Но все-таки главный способ спастись от казни — с древности до наших дней — это помилование. Кто же может его даровать? Кто наделен правом прощать преступника?
Суд над Горацием происходил в то время, когда Римом еще правил царь, но убийцу сестры простил не он и не дуумвиры — должностные лица, которым было поручено вынести приговор. Правом на милосердие был наделен народ, и это понятно: если пролитая кровь оскверняет всю общину, то община же может запретить ее проливать. Всю республиканскую эпоху в Риме миловали комиции — народные собрания — или сенат. И только когда императоры получили власть в свои руки — и, кстати, объявили ее священной, а свою персону божественной, миловать начали они.
В Средние века правом на помилование обладали монархи — не случайно во время коронации британских королей перед ними несут три меча: меч Земной справедливости, меч Духовной справедливости — как символы того, что король обладает светским и божественным правом преследовать преступников, — но также и третий меч, с затупленным концом, — меч Милосердия.
В более позднее время регулярно возникали споры о том, кто имеет право на помилование — монарх или представители народа? Президент или парламент? За что можно миловать, а за что нельзя? Почему беременная женщина, совершившая преступление, может быть помилована, а мужчина за такое же действие должен пойти на эшафот?

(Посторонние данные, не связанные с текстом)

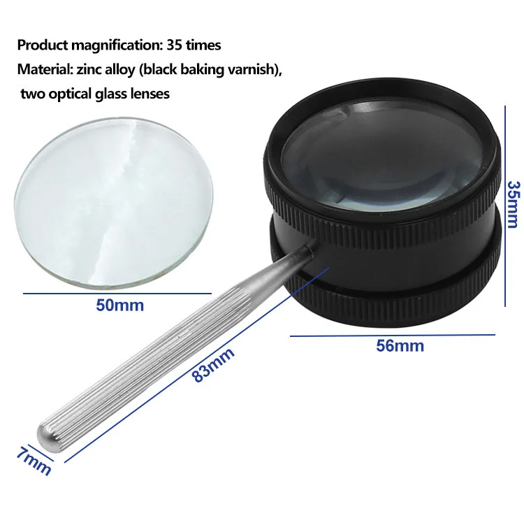 35X Zinc Alloy Handheld Magnifier Magnifying Glass K9 Optical Lens Removeable Silver Handle Jewelry Loupe Reading Tool
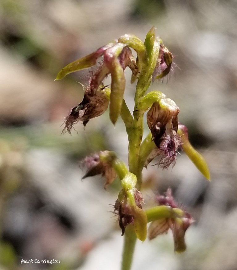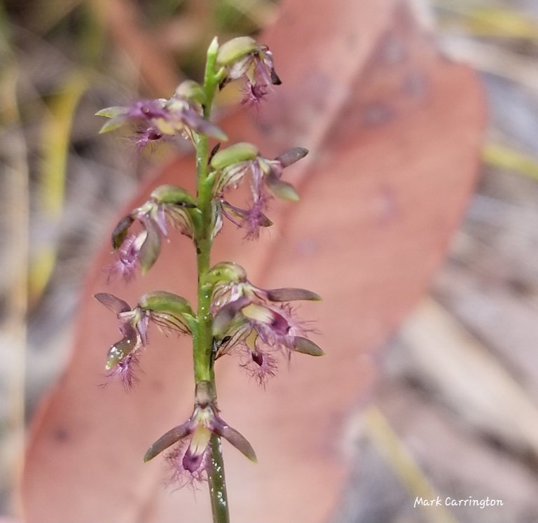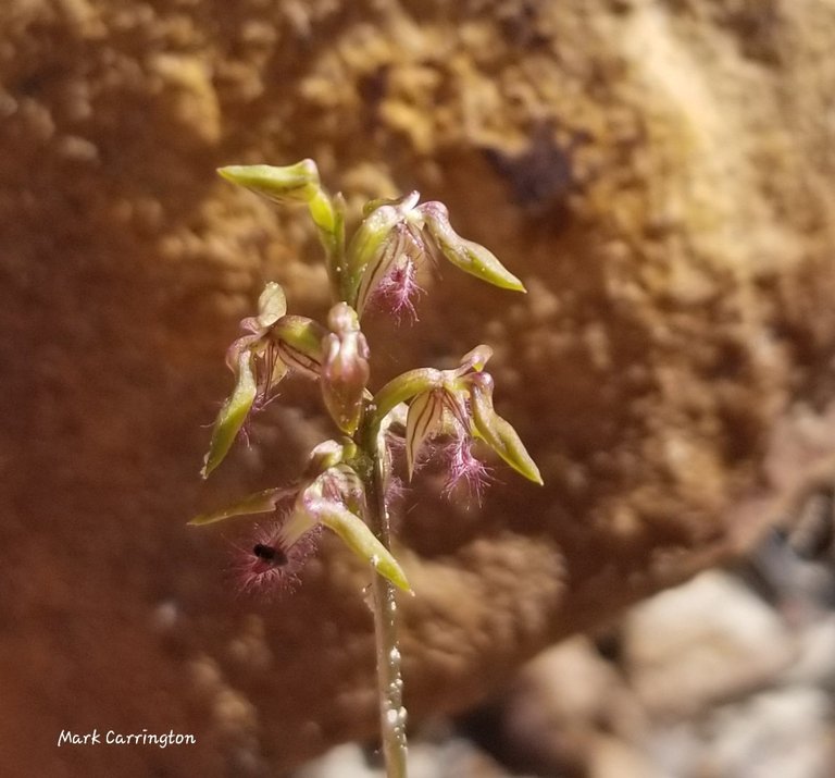 One more shot for the different background - a flat rock rather than a leaf - corunastylis fimbriatus

Право государя на помилование, которым короли пользовались для укрепления своего престижа, всегда вызывало подозрение в том, что это просто манипуляция общественным мнением. Светоний с возмущением пишет о Калигуле, ставшем символом жестокой и ничем не ограниченной власти: «В той же погоне за народной любовью он помиловал осужденных и сосланных по всем обвинениям, оставшимся от прошлых времен, объявил прощение…» Наверное, Светоний прав, когда предполагает, что это помилование было вызвано прежде всего желанием приобрести популярность. Но ведь это тоже любопытный знак. Римский народ, если верить многочисленным обличавшим его моралистам, требовал только «хлеба и зрелищ» — а зрелища в Риме, как известно, были кровавыми. И вдруг выясняется, что любовь этих посетителей гладиаторских боев и травли диких зверей можно было приобрести, не отправив еще десятки людей на арену цирка, а помиловав осужденных, сохранив им жизнь, проявив милосердие.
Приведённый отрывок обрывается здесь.